DATA SUPPLIED Block Start

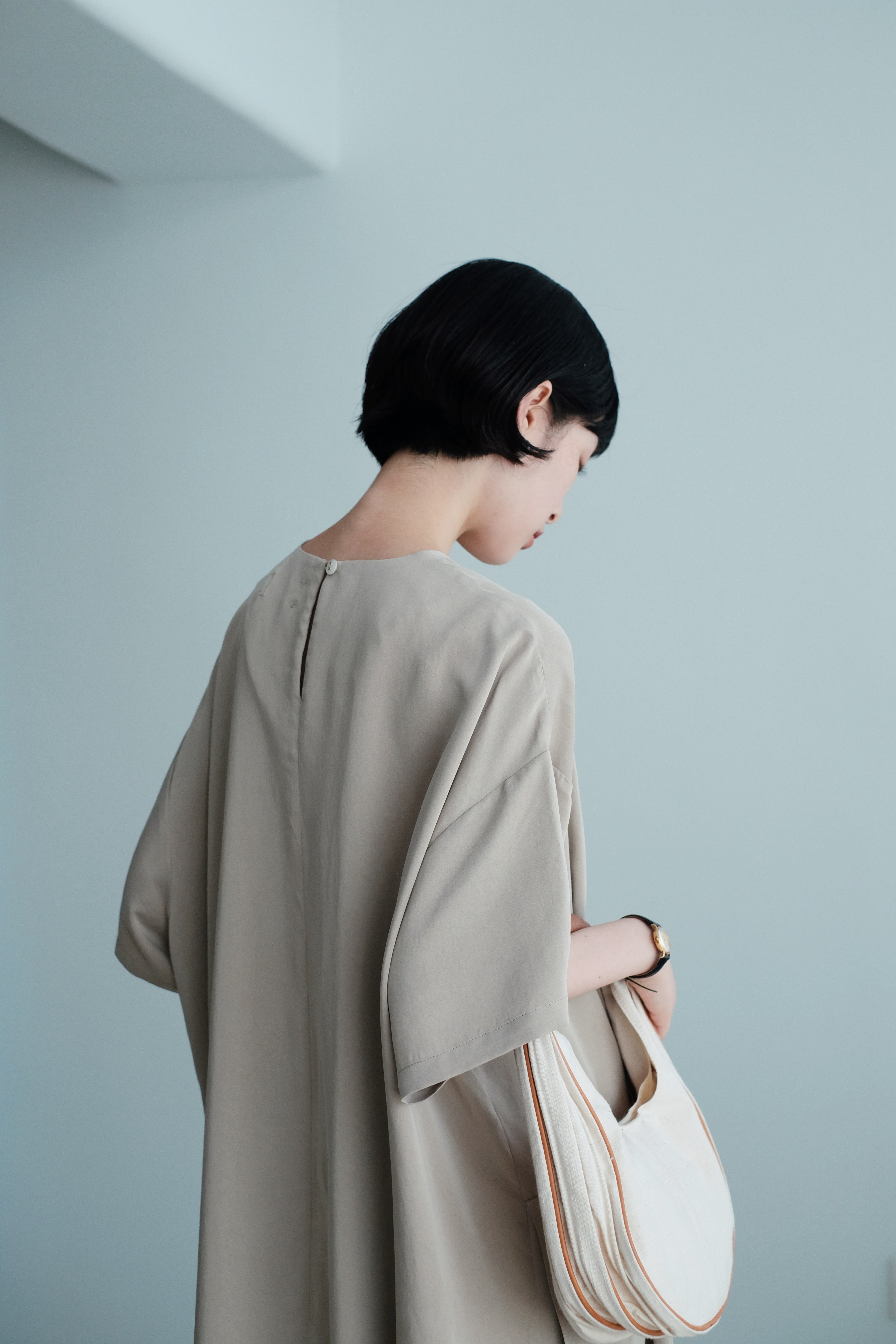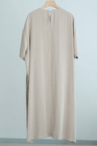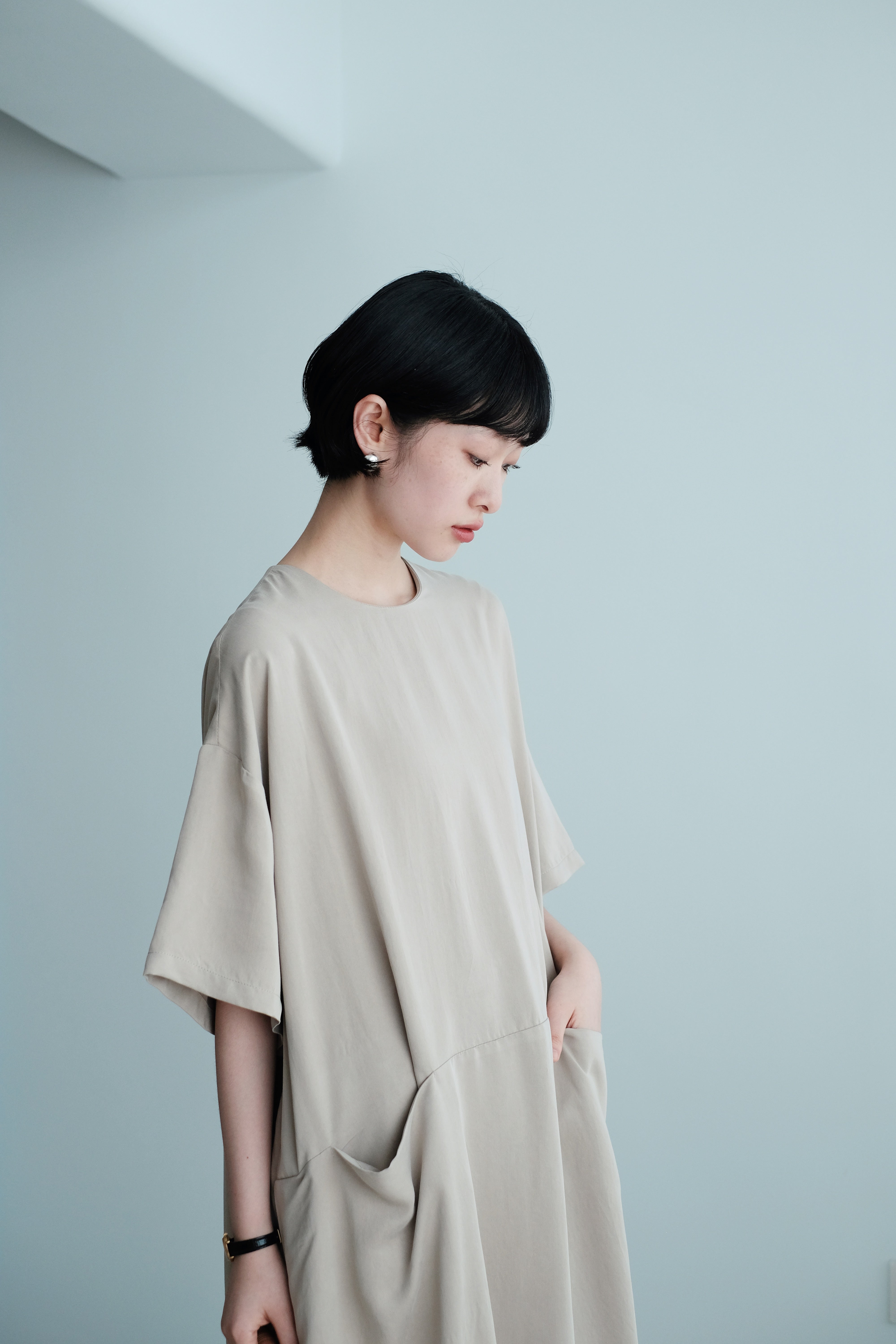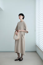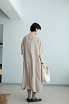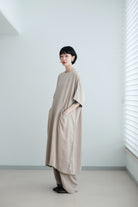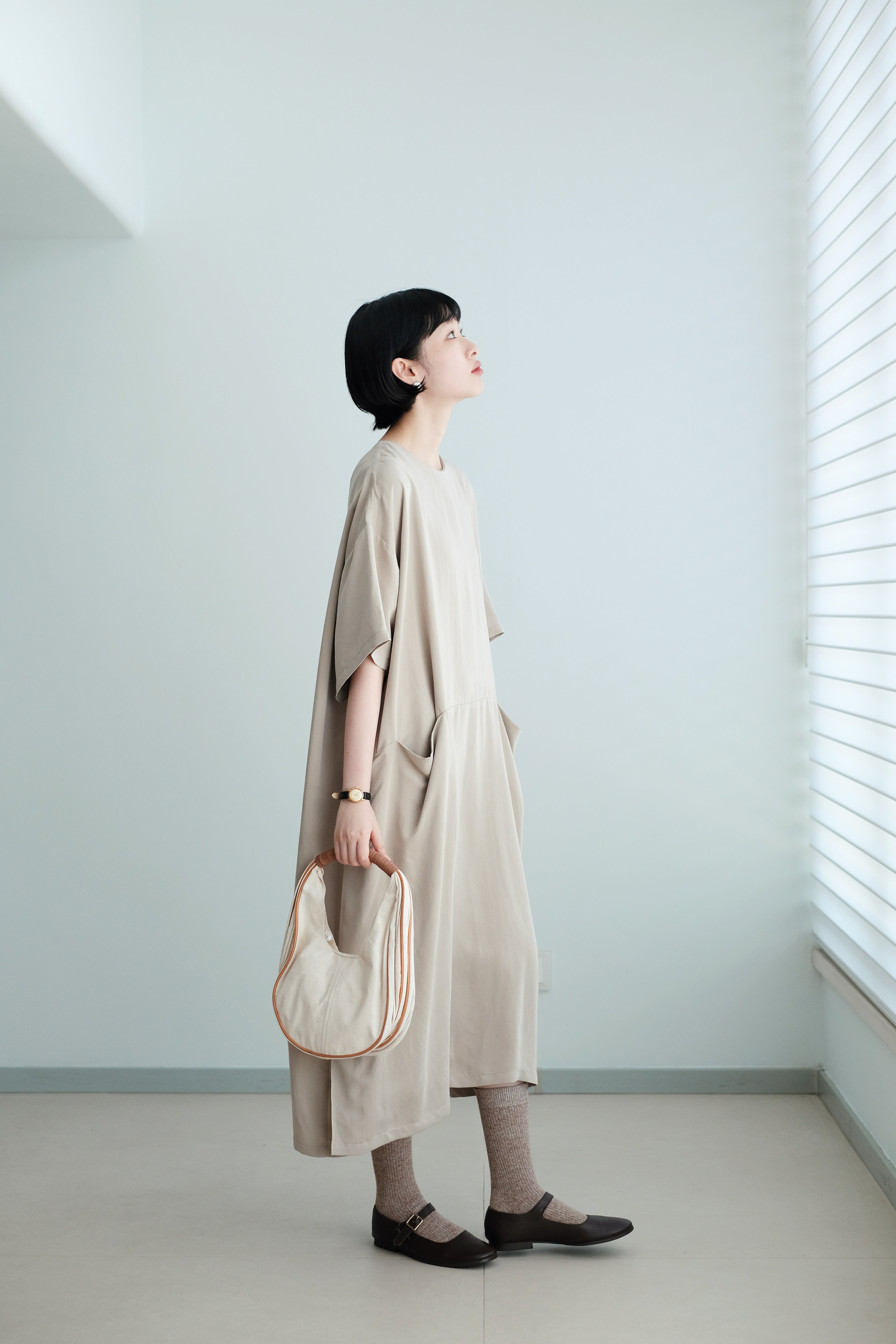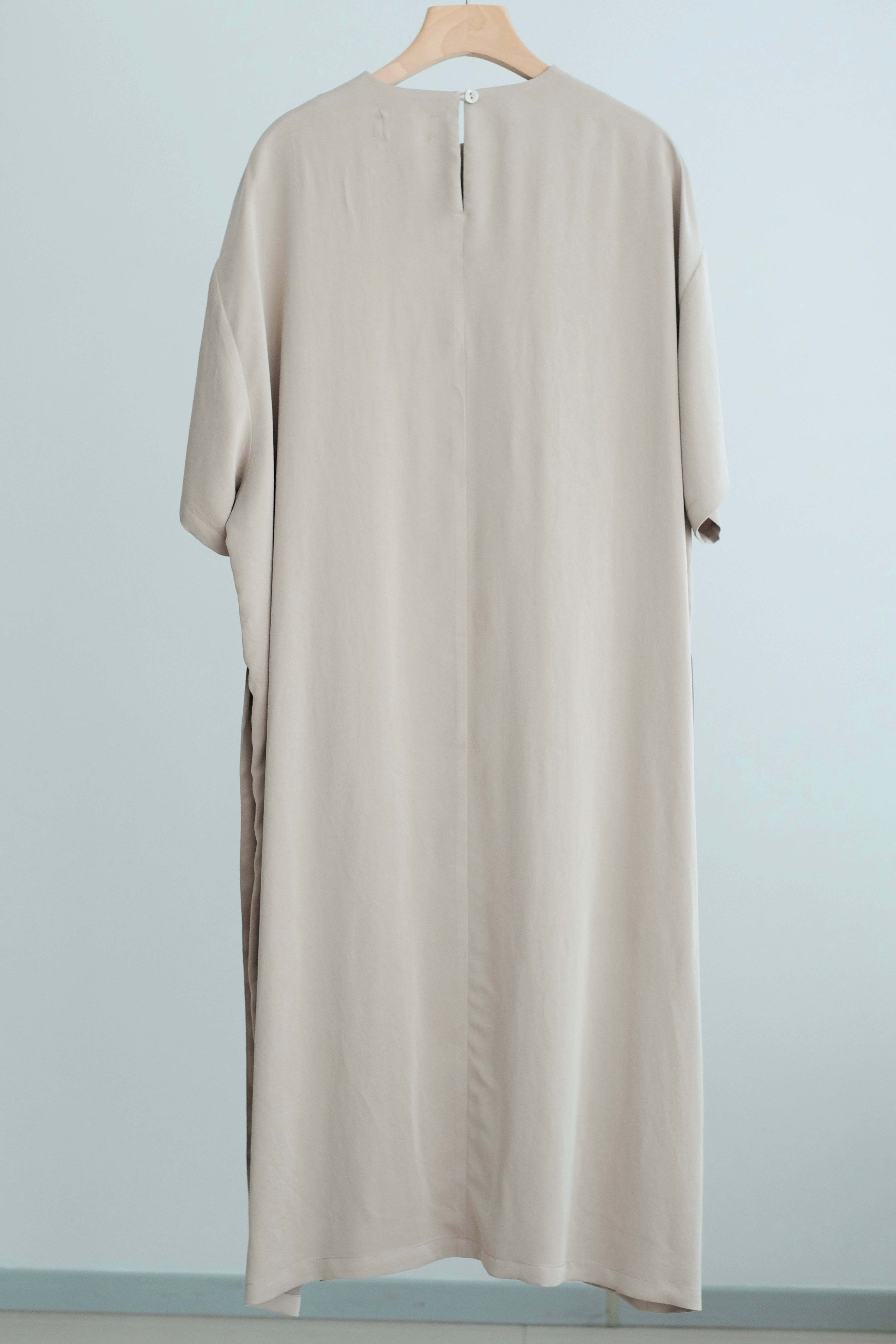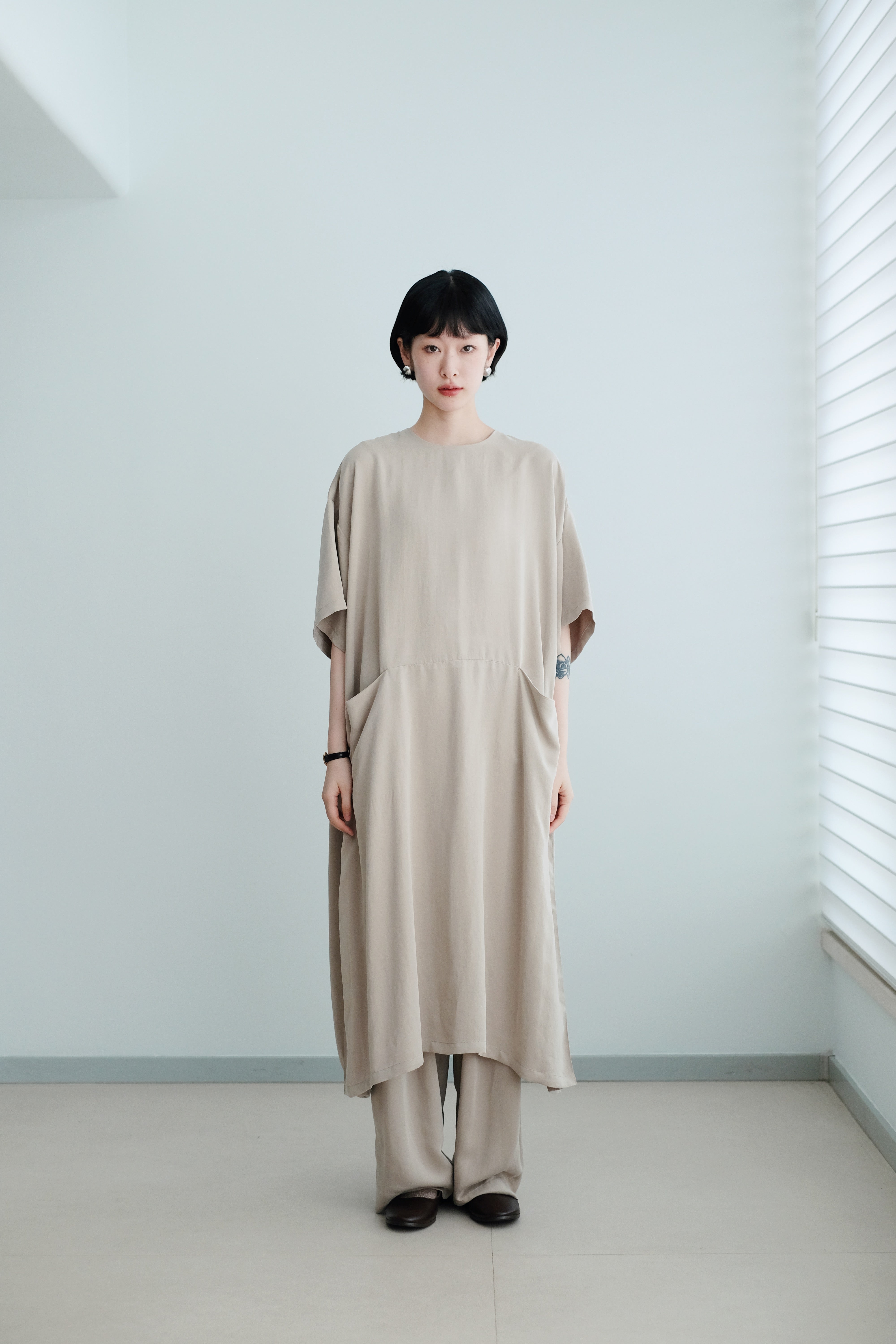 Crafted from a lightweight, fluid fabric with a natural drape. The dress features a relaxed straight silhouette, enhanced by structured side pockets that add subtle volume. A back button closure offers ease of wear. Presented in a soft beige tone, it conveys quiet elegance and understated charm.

DATA SUPPLIED Block End
DATA SUPPLIED Block Start

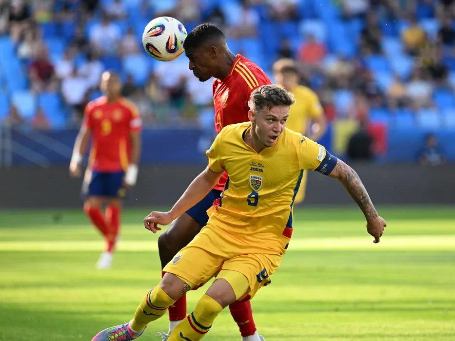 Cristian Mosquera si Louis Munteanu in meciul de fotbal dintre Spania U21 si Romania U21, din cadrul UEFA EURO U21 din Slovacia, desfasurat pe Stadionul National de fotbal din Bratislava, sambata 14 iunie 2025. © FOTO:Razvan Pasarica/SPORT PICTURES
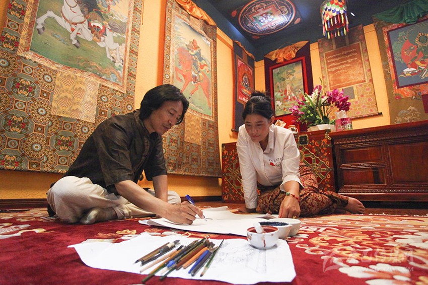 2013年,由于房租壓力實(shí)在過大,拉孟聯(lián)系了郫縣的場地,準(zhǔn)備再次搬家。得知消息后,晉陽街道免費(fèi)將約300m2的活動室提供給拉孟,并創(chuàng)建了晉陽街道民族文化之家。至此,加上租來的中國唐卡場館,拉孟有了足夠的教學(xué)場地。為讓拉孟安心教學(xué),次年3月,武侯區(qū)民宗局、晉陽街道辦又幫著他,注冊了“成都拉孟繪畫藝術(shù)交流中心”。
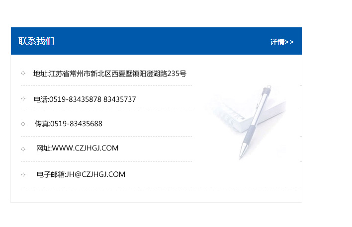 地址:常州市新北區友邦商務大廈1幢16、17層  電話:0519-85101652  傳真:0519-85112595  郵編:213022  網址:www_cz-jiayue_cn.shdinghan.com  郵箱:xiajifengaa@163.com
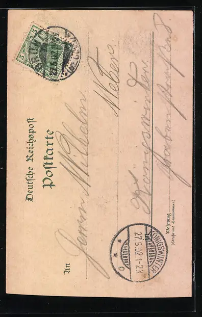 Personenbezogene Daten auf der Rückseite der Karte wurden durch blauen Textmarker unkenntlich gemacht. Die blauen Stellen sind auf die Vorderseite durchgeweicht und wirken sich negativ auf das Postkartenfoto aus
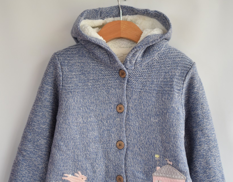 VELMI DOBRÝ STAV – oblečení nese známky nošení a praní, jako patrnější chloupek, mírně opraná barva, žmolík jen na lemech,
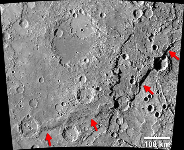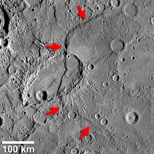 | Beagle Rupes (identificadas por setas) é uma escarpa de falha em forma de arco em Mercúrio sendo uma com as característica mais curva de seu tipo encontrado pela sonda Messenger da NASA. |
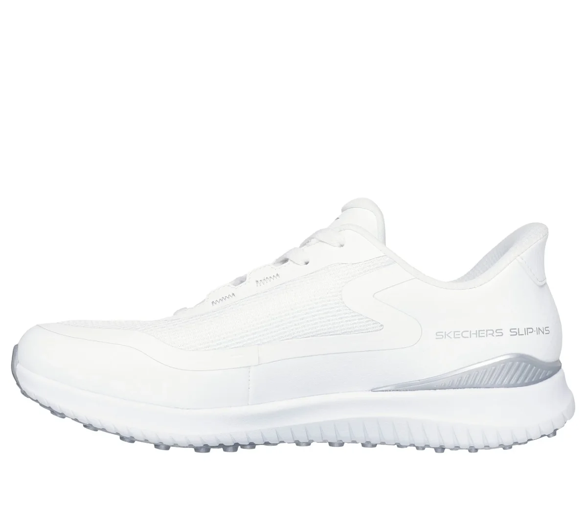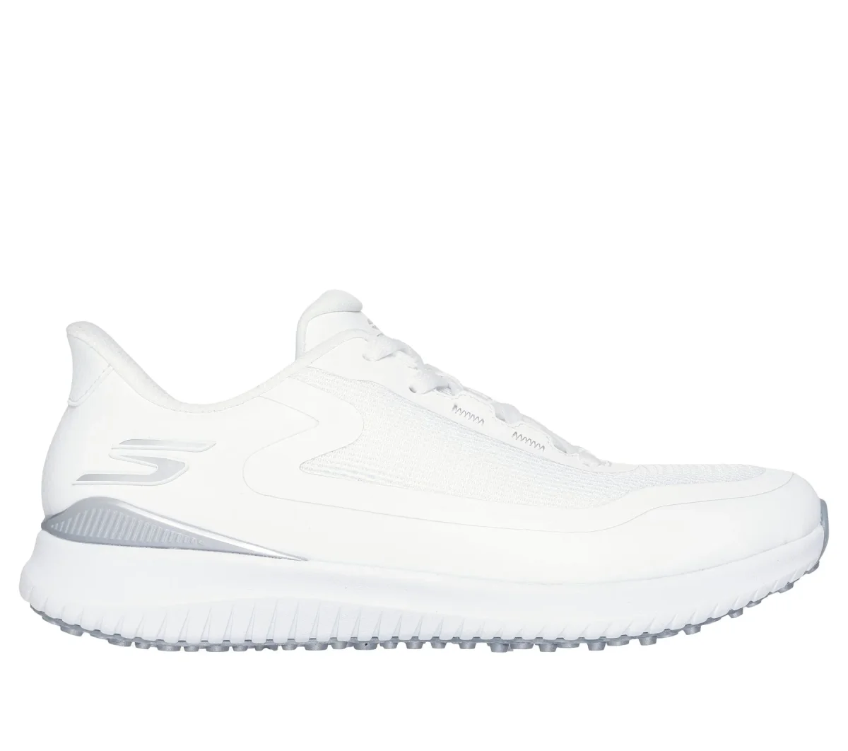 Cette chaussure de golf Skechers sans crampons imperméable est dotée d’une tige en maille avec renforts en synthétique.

DATA SUPPLIED Block End
DATA SUPPLIED Block Start

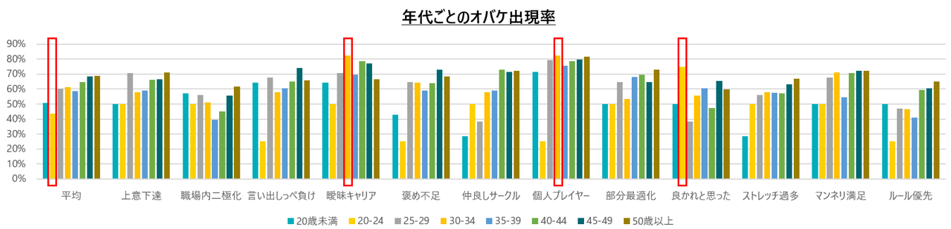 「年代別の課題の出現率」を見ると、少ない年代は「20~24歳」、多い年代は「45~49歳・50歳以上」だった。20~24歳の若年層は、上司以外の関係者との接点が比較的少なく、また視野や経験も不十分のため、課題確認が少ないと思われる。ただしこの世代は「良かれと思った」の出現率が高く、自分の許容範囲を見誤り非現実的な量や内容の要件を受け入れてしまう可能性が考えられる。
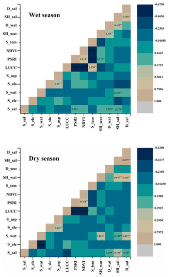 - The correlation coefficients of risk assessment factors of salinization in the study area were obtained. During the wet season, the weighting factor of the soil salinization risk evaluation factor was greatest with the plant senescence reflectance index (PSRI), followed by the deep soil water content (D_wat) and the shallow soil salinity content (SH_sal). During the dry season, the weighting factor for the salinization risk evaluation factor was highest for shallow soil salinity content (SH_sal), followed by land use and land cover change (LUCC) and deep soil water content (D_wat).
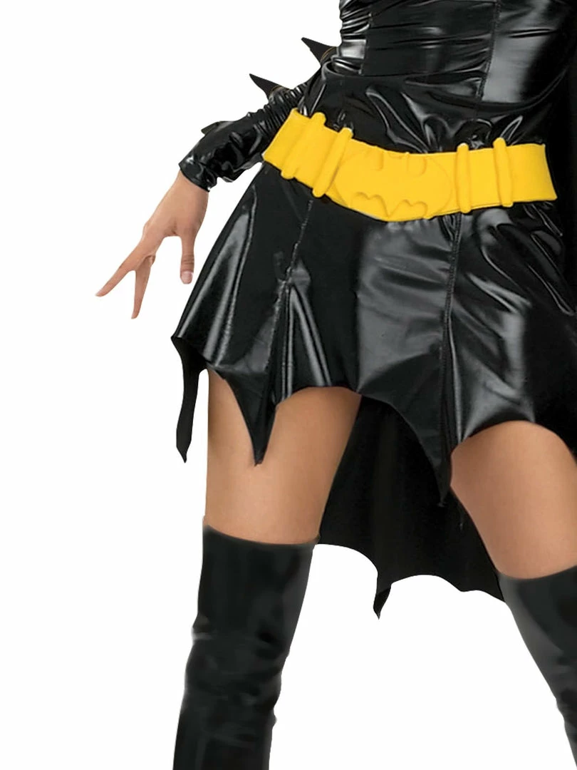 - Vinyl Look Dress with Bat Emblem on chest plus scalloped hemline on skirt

DATA SUPPLIED Block End

◆ **WHAT NEEDS TO BE DONE**:
Work from the entries above. Set down exactly and only the lines from the line with "Messenger da NASA. |" to the line with "Cette chaussure de", both included, and leave the pictures out.

◆ **SOLVED EXERCISE**:
 | Beagle Rupes (identificadas por setas) é uma escarpa de falha em forma de arco em Mercúrio sendo uma com as característica mais curva de seu tipo encontrado pela sonda Messenger da NASA. |
 Cette chaussure de golf Skechers sans crampons imperméable est dotée d’une tige en maille avec renforts en synthétique.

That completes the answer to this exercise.